Le recul australien en partie compensé par l’Argentine

Or en deuxième partie de campagne, l’Australie et l’Argentine arrivent au marché. La première a vu son débouché historique (l’Indonésie), détrôné par la Chine, dont la demande ne cesse de croître. Celle-ci y a acheté 1 Mt sur le seul mois de janvier. La France, dont la Chine est aussi le client, doit donc consentir des efforts face à cette rivale de proximité. La pression devrait diminuer avant l’été, les disponibilités australiennes à l’exportation étant réduites d’un tiers environ (-12 Mt) cette saison, en raison de la météo. Ce recul australien est en partie compensé (sur le papier) par l’Argentine. Son disponible exportable progresse de 7 Mt après la très mauvaise saison 2022/2023. Elle servira en priorité son voisin brésilien dont les besoins à l’importation progressent en 2023/2024. Mais la commercialisation du blé argentin reste chaotique avec une faible visibilité sur le taux de change qui ne favorise pas les ventes.

Quid après la moisson ?

Il restera des stocks de blé en Russie et dans l’UE en fin de campagne, que personne ne peut porter indéfiniment. Sauf à imaginer que nous manquerons de blé en 2024/2025 ou que la demande se redressera ! En France, les stocks pourraient atteindre 3,5 Mt, constituant un plus haut depuis la campagne 2004/2005. La vraie question est donc de savoir ce qui nous attend en juillet 2024, et si parier sur ces réserves sera gagnant. 

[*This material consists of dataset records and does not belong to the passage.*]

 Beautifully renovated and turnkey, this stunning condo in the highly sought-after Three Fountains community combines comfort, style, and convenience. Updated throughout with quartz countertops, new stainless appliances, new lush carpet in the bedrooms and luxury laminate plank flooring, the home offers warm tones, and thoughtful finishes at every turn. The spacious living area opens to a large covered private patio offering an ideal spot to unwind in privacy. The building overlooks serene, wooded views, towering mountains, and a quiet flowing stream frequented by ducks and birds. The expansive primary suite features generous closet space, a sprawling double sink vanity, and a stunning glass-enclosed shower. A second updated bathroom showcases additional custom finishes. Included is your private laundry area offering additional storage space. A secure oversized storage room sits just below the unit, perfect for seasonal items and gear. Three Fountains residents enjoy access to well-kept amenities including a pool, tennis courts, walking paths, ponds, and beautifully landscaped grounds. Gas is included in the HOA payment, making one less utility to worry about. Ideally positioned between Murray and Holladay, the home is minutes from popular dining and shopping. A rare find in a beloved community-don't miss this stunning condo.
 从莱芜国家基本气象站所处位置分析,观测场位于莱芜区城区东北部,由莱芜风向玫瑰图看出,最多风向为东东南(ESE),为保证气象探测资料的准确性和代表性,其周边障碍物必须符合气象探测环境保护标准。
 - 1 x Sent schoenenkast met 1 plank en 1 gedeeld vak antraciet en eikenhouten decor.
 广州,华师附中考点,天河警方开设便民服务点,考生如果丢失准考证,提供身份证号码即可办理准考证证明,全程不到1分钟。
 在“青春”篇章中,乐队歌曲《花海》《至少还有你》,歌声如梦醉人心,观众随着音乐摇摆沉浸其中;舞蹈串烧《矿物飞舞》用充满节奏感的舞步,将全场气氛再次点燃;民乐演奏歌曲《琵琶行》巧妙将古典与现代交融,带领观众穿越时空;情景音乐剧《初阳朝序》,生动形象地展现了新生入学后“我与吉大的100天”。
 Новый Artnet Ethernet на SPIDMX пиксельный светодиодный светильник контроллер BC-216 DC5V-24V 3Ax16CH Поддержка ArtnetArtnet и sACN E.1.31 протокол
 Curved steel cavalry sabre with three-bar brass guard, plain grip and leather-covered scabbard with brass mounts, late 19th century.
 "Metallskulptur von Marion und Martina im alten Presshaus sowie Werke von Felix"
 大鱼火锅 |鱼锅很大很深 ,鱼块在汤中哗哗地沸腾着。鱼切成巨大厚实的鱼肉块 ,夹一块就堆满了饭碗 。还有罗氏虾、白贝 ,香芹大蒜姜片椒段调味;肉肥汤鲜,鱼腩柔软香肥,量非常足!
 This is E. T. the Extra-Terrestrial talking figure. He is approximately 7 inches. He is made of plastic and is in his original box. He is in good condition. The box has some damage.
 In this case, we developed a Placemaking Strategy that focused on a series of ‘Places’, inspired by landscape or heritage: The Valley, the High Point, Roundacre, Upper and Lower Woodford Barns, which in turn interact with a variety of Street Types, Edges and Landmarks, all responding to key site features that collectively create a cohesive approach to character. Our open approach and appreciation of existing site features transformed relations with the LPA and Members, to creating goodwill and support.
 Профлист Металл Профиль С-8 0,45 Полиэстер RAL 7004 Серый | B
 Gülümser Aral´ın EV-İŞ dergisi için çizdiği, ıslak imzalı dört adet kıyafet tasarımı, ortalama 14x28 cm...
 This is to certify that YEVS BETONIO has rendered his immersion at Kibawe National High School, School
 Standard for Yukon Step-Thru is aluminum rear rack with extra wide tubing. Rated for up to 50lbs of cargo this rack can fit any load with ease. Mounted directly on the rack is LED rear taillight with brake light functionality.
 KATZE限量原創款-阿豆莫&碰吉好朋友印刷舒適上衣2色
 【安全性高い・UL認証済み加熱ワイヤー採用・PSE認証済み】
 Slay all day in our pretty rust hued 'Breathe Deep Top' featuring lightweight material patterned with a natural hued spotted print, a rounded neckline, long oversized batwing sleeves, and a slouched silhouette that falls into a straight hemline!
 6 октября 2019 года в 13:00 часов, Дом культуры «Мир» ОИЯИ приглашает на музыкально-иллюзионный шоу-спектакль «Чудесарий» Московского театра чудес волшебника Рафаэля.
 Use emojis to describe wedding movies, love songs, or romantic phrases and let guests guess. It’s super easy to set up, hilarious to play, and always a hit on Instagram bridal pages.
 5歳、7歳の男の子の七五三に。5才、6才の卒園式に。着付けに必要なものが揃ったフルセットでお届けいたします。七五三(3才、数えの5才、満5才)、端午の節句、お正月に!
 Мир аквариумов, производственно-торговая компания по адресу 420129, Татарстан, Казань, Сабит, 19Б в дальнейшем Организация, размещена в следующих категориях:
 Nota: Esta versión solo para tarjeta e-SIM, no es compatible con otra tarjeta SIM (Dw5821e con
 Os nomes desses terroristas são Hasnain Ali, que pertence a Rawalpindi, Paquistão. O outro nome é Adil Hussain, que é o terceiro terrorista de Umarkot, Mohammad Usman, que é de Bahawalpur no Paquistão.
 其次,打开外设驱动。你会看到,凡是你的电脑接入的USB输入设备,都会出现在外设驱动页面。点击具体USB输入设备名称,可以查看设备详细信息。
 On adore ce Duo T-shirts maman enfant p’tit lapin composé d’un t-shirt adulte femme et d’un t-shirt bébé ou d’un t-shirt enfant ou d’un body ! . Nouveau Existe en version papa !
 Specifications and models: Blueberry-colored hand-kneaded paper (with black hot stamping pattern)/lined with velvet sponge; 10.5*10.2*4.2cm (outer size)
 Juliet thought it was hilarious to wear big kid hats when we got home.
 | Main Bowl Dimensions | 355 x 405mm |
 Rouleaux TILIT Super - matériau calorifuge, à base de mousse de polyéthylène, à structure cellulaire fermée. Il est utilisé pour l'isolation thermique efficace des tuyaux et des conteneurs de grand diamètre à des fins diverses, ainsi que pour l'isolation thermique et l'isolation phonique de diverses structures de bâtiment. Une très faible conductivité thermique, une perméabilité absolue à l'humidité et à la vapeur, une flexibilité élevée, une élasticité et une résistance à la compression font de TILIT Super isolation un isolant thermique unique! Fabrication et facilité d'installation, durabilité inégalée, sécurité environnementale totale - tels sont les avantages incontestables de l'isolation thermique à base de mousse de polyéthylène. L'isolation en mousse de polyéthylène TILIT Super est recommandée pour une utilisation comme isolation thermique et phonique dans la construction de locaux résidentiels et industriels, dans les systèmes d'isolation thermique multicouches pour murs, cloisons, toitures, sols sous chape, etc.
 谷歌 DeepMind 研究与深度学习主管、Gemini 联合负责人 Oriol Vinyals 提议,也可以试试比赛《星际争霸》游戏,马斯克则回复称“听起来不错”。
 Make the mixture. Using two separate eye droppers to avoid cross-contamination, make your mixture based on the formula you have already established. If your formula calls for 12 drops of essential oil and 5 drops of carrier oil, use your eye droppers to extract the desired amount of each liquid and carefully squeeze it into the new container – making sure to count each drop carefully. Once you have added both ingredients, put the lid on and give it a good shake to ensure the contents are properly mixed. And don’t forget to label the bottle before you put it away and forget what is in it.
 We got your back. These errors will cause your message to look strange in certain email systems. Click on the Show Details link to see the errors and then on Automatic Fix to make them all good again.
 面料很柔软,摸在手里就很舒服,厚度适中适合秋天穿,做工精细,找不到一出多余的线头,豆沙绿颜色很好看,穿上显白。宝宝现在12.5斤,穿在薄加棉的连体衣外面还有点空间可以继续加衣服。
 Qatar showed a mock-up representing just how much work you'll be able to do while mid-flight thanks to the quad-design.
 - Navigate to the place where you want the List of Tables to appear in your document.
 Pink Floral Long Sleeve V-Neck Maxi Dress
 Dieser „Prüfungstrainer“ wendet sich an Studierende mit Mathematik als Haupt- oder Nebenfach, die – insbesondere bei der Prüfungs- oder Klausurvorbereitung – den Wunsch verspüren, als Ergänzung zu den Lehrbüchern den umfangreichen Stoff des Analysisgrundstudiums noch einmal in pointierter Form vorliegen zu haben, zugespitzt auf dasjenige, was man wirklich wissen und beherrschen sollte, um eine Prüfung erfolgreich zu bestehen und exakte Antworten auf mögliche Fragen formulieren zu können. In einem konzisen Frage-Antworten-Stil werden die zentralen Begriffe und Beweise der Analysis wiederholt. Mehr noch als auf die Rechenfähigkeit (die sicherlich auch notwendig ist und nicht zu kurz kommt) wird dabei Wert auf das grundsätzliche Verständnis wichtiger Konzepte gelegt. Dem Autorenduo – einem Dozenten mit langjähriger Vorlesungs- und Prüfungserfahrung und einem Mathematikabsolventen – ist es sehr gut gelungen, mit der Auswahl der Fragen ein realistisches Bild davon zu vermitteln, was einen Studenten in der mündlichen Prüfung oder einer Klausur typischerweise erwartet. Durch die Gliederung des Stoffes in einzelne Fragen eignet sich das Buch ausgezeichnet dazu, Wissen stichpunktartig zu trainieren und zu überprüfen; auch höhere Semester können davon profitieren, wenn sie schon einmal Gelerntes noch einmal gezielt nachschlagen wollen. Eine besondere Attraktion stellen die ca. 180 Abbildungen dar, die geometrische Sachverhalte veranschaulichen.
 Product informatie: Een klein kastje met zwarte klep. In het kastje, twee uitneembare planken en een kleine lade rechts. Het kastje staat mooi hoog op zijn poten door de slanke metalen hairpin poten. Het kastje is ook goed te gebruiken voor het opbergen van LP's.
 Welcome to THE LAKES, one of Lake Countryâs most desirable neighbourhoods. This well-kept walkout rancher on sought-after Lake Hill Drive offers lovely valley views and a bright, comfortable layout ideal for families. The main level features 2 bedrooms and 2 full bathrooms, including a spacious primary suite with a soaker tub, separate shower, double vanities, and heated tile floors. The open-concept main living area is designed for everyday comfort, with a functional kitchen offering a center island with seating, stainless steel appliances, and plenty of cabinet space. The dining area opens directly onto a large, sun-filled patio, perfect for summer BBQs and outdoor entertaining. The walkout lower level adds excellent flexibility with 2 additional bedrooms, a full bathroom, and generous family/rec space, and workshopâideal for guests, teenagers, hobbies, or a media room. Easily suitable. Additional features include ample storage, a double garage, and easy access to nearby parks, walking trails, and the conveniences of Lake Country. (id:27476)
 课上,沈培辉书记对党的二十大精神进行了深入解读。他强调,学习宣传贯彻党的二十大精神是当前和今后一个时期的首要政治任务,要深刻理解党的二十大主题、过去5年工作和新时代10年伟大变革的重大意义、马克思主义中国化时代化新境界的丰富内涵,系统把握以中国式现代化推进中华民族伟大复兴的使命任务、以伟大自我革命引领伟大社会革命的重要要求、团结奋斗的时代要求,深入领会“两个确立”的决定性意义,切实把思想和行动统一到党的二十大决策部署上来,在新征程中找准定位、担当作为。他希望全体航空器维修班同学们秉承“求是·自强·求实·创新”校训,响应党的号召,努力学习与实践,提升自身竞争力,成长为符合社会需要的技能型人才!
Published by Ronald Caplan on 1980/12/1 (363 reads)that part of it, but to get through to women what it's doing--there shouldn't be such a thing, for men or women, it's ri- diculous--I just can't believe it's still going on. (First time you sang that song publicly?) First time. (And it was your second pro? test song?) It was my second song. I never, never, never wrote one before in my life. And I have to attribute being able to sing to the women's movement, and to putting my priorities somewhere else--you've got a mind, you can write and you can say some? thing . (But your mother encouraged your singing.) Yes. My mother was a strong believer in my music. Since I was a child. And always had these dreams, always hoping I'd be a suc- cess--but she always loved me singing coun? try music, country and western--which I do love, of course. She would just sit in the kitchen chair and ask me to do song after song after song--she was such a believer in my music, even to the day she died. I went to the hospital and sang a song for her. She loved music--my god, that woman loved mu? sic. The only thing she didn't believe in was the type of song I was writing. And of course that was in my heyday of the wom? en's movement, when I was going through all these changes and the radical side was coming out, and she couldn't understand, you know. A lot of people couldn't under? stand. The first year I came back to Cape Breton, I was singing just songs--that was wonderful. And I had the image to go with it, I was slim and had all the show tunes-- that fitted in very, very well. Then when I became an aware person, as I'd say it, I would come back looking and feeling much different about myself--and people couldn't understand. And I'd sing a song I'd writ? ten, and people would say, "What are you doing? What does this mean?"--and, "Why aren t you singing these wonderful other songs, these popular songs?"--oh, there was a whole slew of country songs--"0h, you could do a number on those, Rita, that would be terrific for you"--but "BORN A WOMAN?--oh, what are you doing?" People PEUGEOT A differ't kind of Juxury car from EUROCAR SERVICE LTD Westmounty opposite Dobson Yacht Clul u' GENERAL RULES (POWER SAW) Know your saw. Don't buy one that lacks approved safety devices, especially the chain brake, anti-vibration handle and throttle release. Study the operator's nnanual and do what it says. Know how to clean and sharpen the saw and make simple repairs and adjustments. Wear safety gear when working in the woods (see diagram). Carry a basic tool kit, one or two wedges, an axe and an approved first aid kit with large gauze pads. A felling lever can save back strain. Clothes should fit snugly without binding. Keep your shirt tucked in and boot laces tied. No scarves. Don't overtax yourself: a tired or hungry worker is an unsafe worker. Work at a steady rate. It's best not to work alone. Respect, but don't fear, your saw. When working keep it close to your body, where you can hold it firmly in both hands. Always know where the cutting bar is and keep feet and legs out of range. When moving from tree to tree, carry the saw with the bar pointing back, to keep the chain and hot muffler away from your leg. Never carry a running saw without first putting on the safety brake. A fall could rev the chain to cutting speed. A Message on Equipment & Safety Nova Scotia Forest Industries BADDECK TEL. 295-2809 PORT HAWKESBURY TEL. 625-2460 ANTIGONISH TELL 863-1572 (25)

Face au besoin de faire de la place pour la prochaine récolte, et à moins d’un emballement dans le conflit russo-ukrainien, l’évolution de la demande restera la clé du marché.

À suivre la semaine prochaine : la possible entrée en scène de l’Inde, la sécheresse en Afrique du Nord, les besoins en blé fourrager de l’Indonésie et de la Chine… et la place des taux d’intérêt dans les décisions des acheteurs. 

Compétition avec le maïs et l'orge

S’il est vrai que les stocks de blé des 7 principaux exportateurs mondiaux de blé pourraient pointer à 61 Mt fin juin 2024 contre 65 Mt un an plus tôt, deux éléments tempèrent l’importance de ce chiffre : une baisse de 7 Mt des objectifs mondiaux d’exportations  (les importateurs en manquent de liquidité tapent dans leurs stocks faute de se positionner aux achats) et une hausse de 22 Mt du commerce de maïs… Sur ce marché, le Brésil doit batailler face aux USA et à l’Argentine de retour dans la course cette saison. Face à ces fondamentaux, les « non-commerciaux » ont fait des paris fortement baissiers sur les marchés à terme. Cela exerce forcément une pression sur le blé aussi. Ajoutons enfin que l’orge française est en compétition avec l’orge australienne. Cette dernière, blacklistée par la Chine de 2020 à fin 2023, est de retour en grâce depuis janvier.